Besides flavonoids, tea contains powerful antioxidant catechins, which are part of the tannins in tea. Together they form a potent mix. A study of green-tea-drinking Japanese men found that the more cups of this delicate brew that they quaffed each day, the lower their cholesterol levels and other markers for heart disease. And those men who knocked back an astonishing 10 daily cups or more decreased their chances of liver disease. A downside of tannins, however, is that they can bind iron, making it difficult for the body to absorb it.

Those ubiquitous denizens of the lab, white mice, who drank green tea as their only fluid and were then exposed to ultra violet rays, had an incredible 88% fewer skin tumors than mice who drank only water! And almost 94% of their rodent cousins, rats, who were given green tea catechins survived breast cancer, compared to only 33.3% of their non-tea-imbibing sisters.

A Way to Keep Your Teeth?

Need other reasons to switch to tea? Japanese researchers report that tea may help you keep your teeth. Certain tea catechins may inhibit breakdown of collagen in cases of periodontal disease, the progressive loss of the bones that hold our teeth in our jaws. Not only that, rats fed tea had far fewer cavities than those who went without. A word of caution: the studies were only preliminary lab experiments.
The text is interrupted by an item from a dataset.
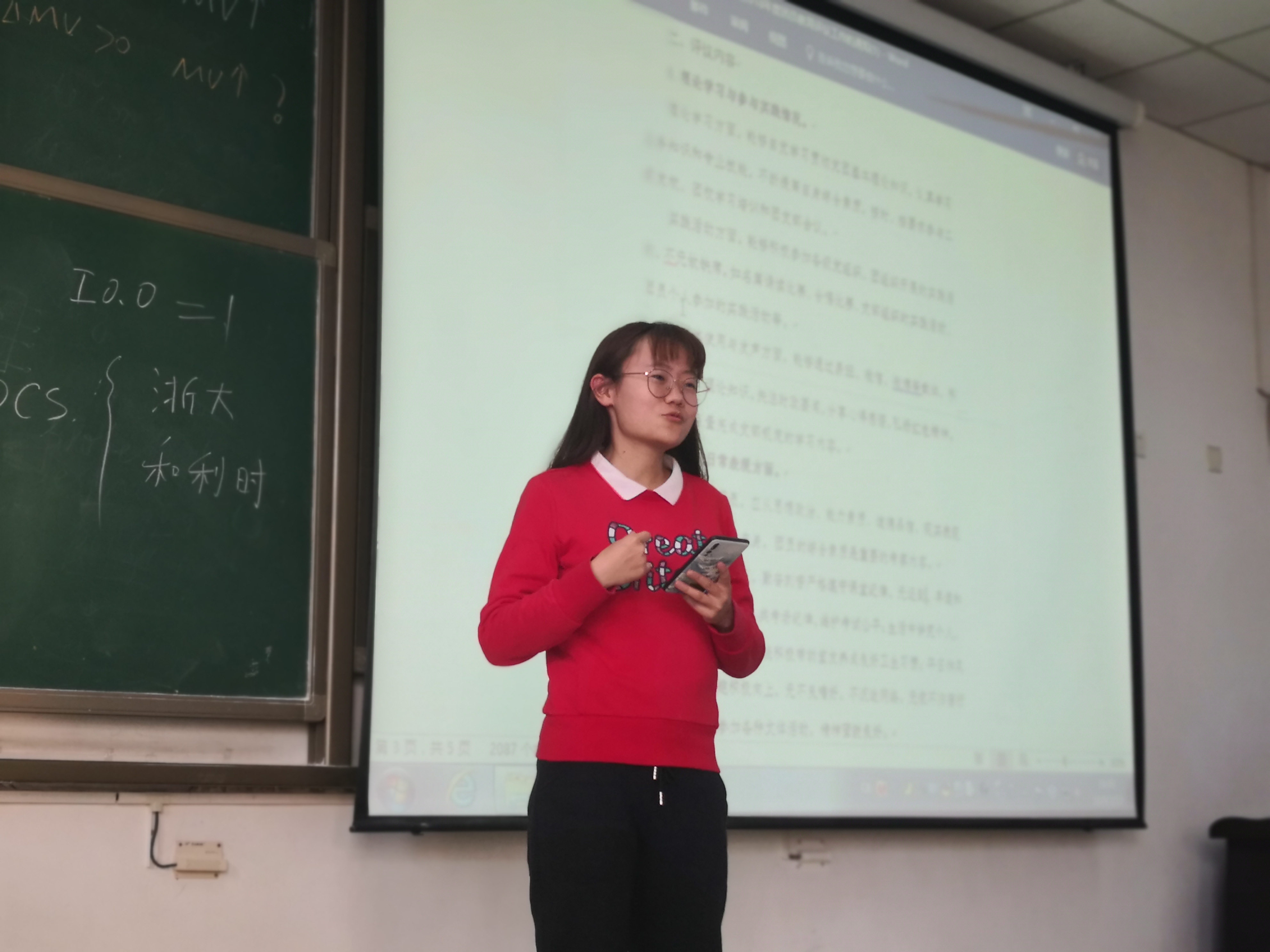 会议伊始,团支书温书远向全班团员介绍了此次团员互评大会的流程及意义。他说,今天不仅仅是给别人评议,也是对自己阶段性更深刻的认识,肯定自己优点反省不足之处。接着,学生们逐一到讲台上进行1到3分钟的自我介绍,包括学习科研、社会实践、学生工作等方面。台下学生认真的倾听、鼓励的眼神给予了台上的同学支持,温书远也时常引导学生从新的方面进行评议,以避免进行雷同的自我介绍。“我严格要求自己,时时处处以身作则、率先垂范,能在支部工作、学生工作中,担任职位,发挥突出作用”,“我能够积极主动地参加各类层次的创新创业和文艺体育类竞赛活动等,获得突出的成绩”,“我能够在志愿服务或者社会实践工作中展现良好风貌”,“平日作风正派,生活情趣积极向上,无不良嗜好,不沉迷网络”......学生们认真地上台自评。
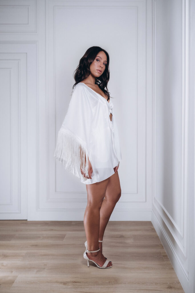 Versátil e elegante, pode ser usado sobre lingerie de luxo, loungewear ou até em produções casuais para um visual moderno e cheio de personalidade.

But they were promising enough to indicate that a daily cup of tea is a good idea for those of us who would rather keep our teeth in our mouths than on the nightstand.

Whooping cough and pneumonia also appear to yield to the power of tea. In fact, test tube experiments showed tea to act potently against many kinds of bacteria–including salmonella and cholera.

And you don't need to spend your days swilling tea to reap some of the benefits of this green beverage. A population study in Shanghai showed that just one cup a day appears to lower risk of stomach cancer by 30%!

Prefer black tea? Prefer to avoid caffeine? Most studies indicate that tea in virtually any of its forms–even decaffeinated–is in many cases almost as effective as the super green. One caveat: don't add milk to your daily cup. An Italian study demonstrated that tea diluted by 20% with milk lost all of its antioxidant properties.

The Color of Spring
But since green tea does appear to have the most potent health-promoting effects, you might try buying a box. Good quality green has little resemblance to the bitter Asian restaurant version–it is light, delicious, and the fresh color of spring. Most supermarkets today are responding to the demand for this biological cousin of the beautiful camellia plant by stocking at least one variety. I prefer the organically grown sencha or bancha teas, but try any green tea that you find. Virtually all of them are available in teabags–a convenience that I appreciate.

Tea has had an honorable history here in the Americas–where would we be without the devotion to tea that led to the Boston Tea Party? I say it's time to reinstitute this pleasant, healthful, and historical habit.